Fractional executives  are professionals who offer their management services to organizations on a for-hire, part-time basis. These executives typically have extensive experience in a business environment in roles such as chairperson, owner, CxO, senior vice president, vice president, or director. Their skills can be focused in one discipline or be more broad-based, depending on their experience.

Overview
Fractional executives may work as independent consultants or as part of a consulting firm. However, they are not consultants in the classical sense, because they take an active leadership or management role in the company that hires them, implementing changes and leading the organization just as their permanent counterpart would. They are hired on a project basis, a time-limited basis, or in some cases, on retainer, but they do not work full-time for any particular organization.

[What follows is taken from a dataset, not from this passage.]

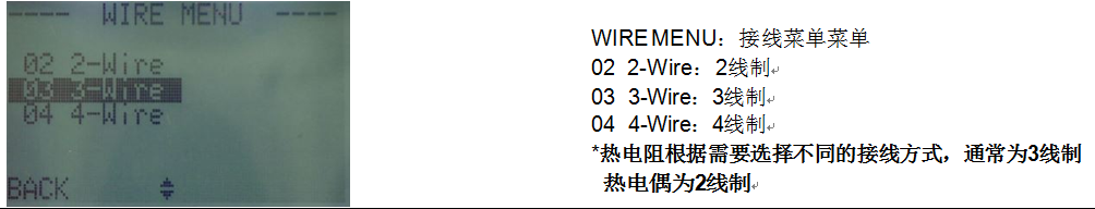 按钮进入WIRE MENU(接线菜单)子菜单,按
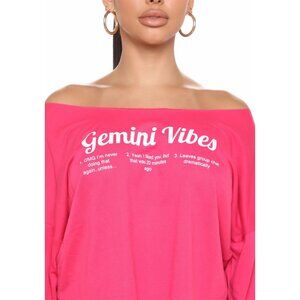 Fashion Nova ✦ Gemini Vibes Off‑Shoulder Top ✦ Fuchsia Pink Zodiac Graphic S NWT

They may also be known as an interim executive, contract executive, part-time executive, temporary executive, fractional business executive, on-demand executive or executive-as-a-service.

The advantages of hiring such professionals is their experience and that they do not require a full-time position. While fractional executives are highly skilled within their area(s) of expertise, they may require time to get acclimated to new industries.

Fractional management is in the end a particular declination of interim and temporary management originated by the demand coming from small entrepreneurial companies (less than US$10 million), for which a classical temporary manager may be redundant.

Specific definition and application cases have been discussed in a congress organized by the Italian HR Directors Association (AIDP) and the Italian Chief Financial Officers Association (ANDAF).

A couple of examples of specifically named Fractional Executives are Fractional CIO, Fractional CMO, Fractional CEO, Fractional Sales Manager, VP of Sales, or CSO, Fractional CFO.

The concept has gained increasing popularity as companies seek to optimize their use of resources and bring in highly skilled leaders as needed.

One notable example of the success of the fractional executive model is A-team, a fractional executive platform. In 2022, A-team announced that it had raised $60 million in funding from a group of investors led by Tiger Global and including Jay-Z's Marcy Venture Partners, indicating that the fractional executive model is gaining recognition as a legitimate and valuable approach to business leadership.  Other Marketplaces in the Fractional Executive space include Shiny and Continuum which raised US$12M in funding.

Furthermore, an emerging global community of fractional executives has developed, with communities like The Fractional Executive providing resources and networking opportunities for fractional executives from around the world. These communities also offer access to job listings, industry events, and educational opportunities.

The fractional executive model is expected to continue growing in popularity as companies seek to optimize their resources and bring in specialized expertise on a flexible basis. With the support of major investors and the emergence of global communities, fractional executives are set to play an increasingly important role in the business world in the years to come.